Müneccİm (yıldız falına bakıp geleceği söyleyen kimse) değiliz.

Ama olacakları söylemek için ona ihtiyaç olduğunu zaten düşünmüyoruz.
“Deniz Baykal’ı bilmek yeter” diyoruz. Zaten o nedenle 11 Mayıs sabahı burada, “Baykal’ın, 22-23 Mayıs günleri toplanacak CHP Kurultayı’nı yönlendirmekten vazgeçmesi beklenemez” demiştik.

Çok beklemeye gerek kalmadan Deniz Baykal, “Önümdeki pürüzleri temizleyin de geri geleyim” mesajını vermeye başladı bile...
Ağzını her açışta, “Ben istifamı verdim ve o noktadayım” dese de hemen ardından, yıllardır belki yüz defa kullandığı gerekçeyi dile getirdi. “Türkiye önemli bir süreçten geçiyor. Partiyi doğabilecek sakıncalardan korumak lazım.”

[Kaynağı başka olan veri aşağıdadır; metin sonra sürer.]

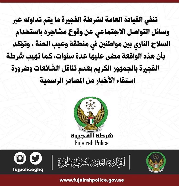 نفت القيادة العامة لشرطة الفجيرة ما يتم تداوله عبر وسائل التواصل الاجتماعي عن وقوع مشاجرة باستخدام السلاح الناري بين مواطنين في منطقة وعيب الحنة واكدت الشرطة على حسابها على "انستغرام" بأن هذه الواقعة مضى عليها عدة سنوات، كما دعت الشرطة الجمهور بعدم تناقل الشائعات وضرورة استقاء الأخبار من المصادر الرسمية.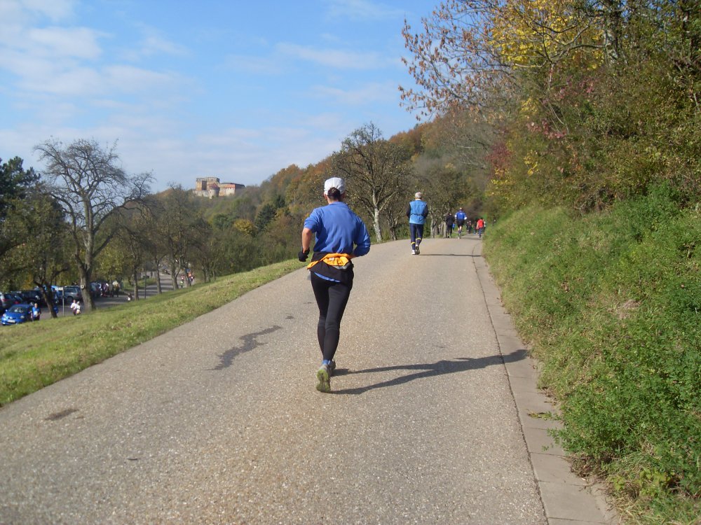| ..der letzte große Anstieg, steig auf, Pause, weiter, keine Fotos mehr, jede Kleine Energiereserve fürs laufen erhalten...Notlauf-Modus...nur noch auf KM 35 konzentrieren. Die - auch das noch-Wendeschleife, da kommen Dir andere entgegen, und alle sehen frischer aus. Stand erreicht Gel rein- Wasser, Tee hinterher und weiter. Wieder die Straße-ächts, leichte Besserung. Runter nach Waldstetten ich kann wieder joggen,einer Läuferin noch den Schuh gebunden, sie hatte einen Krampf. KM 40 Rest vom Fäschd - vom Gel und wieder trinken, jetzt läuft es, ich komme wieder ins laufen,nach Straßdorf bei KM 44 "Mitläuferin" erreicht, zusammen laufen wir dem Ziel entgegen....noch 2KM........geschafft!......... |

Açıkça söylemiyor ama “Peki kim yapar bunu?” sorusunun telaffuz edilmemiş yanıtı ortada:
“Ancak ben yaparım!”
Nitekim “Genel Başkan’ın istifası üzerine adı en fazla telaffuz edilen bir kişi sıfatıyla gidip kendisiyle konuşayım. Eğer geri dönmeye niyeti gerçekten yoksa, belki 22-23 Mayıs’ta toplanacak CHP Kurultayı’nda Genel Başkanlığa adaylığımı koyabilirim” düşüncesiyle kendisini ziyaret eden CHP Meclis Grup Başkanvekili, Kemal Kılıçdaroğlu’na verdiği yanıt da yeterince ışık tutucu.

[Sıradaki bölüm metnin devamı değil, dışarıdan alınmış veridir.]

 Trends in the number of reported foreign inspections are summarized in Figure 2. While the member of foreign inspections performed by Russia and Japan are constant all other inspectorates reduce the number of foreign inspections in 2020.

Geri dönmeyi düşünmeyen bir “eski” Genel Başkan, potansiyel adaya ne der? Ya “Yürü... Ben de seni desteklerim” der yahut “Kusura bakma Ahmet Bey’e söz verdim. Onu destekleyeceğim” gibi bir söz söyler veya en son ihtimal olarak:
“Ben artık partinin iç işlerine karışmamalıyım. Tarafsız bir çizgide kalırsam partime daha yararlı olurum. O nedenle sana veya başkasına destek sözü veremiyorum. Ama git çalış, yeter desteği bulur da seçilirsen ben de isteyeceğin her yardımı yaparım” anlamına gelecek bir yanıt verir.

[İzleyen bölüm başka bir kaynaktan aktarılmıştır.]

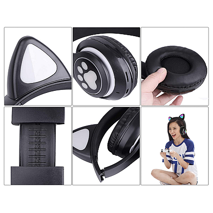 WIRELESS HEADPHONES BLUETOOTH RADIO FM MP3 CAT EARS LED BACKLIGHT

Oysa Baykal tam tersini yapmış.
Sözde “partinin bütünlüğünü koruması” kaygısıyla konuşuyormuş gibi yapıyor. “Keşke üzerinde herkesin ittifak ettiği bir aday çıksa” diyor.
Elbet böyle biri olmadığını bildiği için bu şartı koyuyor. Araya “Örgütün beni geri çağırdığını Kılıçdaroğlu da görüyor” anlamında bir cümle sıkıştırdıktan sonra, o şartı yumuşatıyormuş gibi yapıyor:
Genel Sekreter Önder Sav, Genel Başkan Yardımcısı Yılmaz Ateş, Muhasip Üye Mustafa Özyürek gibi kendisine sadakatinden emin olduğu parti yöneticilerine gitmesini, onların desteğini sağladıktan sonra adaylığını ilan etmesini salık veriyor.
Tamam... Deniz Baykal iyi hatiptir, medeni adamdır, dürüsttür, çok deneyimli bir politikacıdır, karizması olan bir liderdir, son zamanlarda tuhaf mesajlar vermeye başlasa da “CHP ilkelerine bağlı” biridir.
Evet ama, parti içi demokrasiyi boğan, Genel Başkanlık’tan ayrılmamak için parti tüzüğüne, hiçbir insaf sahibinin kabul edemeyeceği koşullar koyduran, örgütü “Genel Başkan’ın adamları” derekesine indiren, bu yüzden politika üretmeyen bir yığına dönüştüren de odur.
CHP ve Türkiye ilanihaye Deniz Baykal’a mecbur mudur?